Apart from working on LLVM IR generation the past couple of months, I’ve put a fair amount of time into improving jank’s builds system and dependency management. In particular, vcpkg has been removed entirely. I was using vcpkg to bring in some C and C++ source dependencies, but some of them regularly fail to build from source on very normal setups and vcpkg on its own causes issues with build systems such as Nix. Altogether, it’s well known that the build system and dependency tooling for C and C++ is terrible. While I aim for jank to improve that, in its own way, we still need to suffer through it for the compiler itself.

In order to remove vcpkg, I had to address all of the dependencies it was pulling in.
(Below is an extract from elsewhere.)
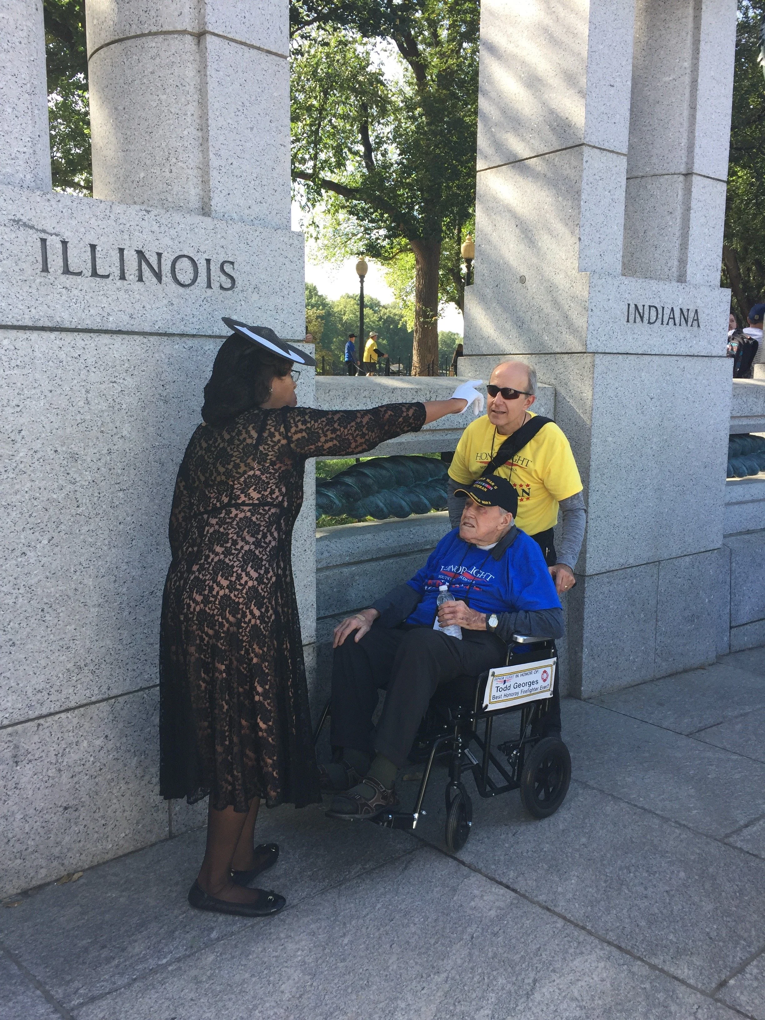 Karima Hurt (left), dressed in World War II period clothing as part of the National Park Service’s Living History program, gestures to members of the Honor Flight Network’s southern Indiana hub at the World War II Memorial in Washington, D.C., on Saturday, Oct. 21, 2017. (LINDSEY LEAKE/AMERICAN UNIVERSITY)

All in all, this required seven new git submodules. Even something as commonplace as boost led to dependency issues across various platforms. I did all of my testing on Ubuntu, Arch, NixOS, and macOS. Once I had all of those submodules, I still ran into some issues with Clang hard crashing while trying to compile an incremental pre-compiled header (PCH) with boost. This was the final straw with PCHs for me.

Pre-compiled headers

jank started out with PCHs from the beginning. I was concerned about compile-times and I knew that many source files would need access to the whole object model in order to compile. While this remains true, I didn’t expect that PCHs would be such a headache when JIT compiling C++. There have been a handful of Cling bugs and then Clang bugs related to loading PCHs into the incremental C++ environment. I’ve spent entire days compiling Clang/LLVM while bisecting in order to find root causes. Haruki has been so close to building jank on Nix but has been running into issues when compiling the incremental PCH. This has been a long time coming.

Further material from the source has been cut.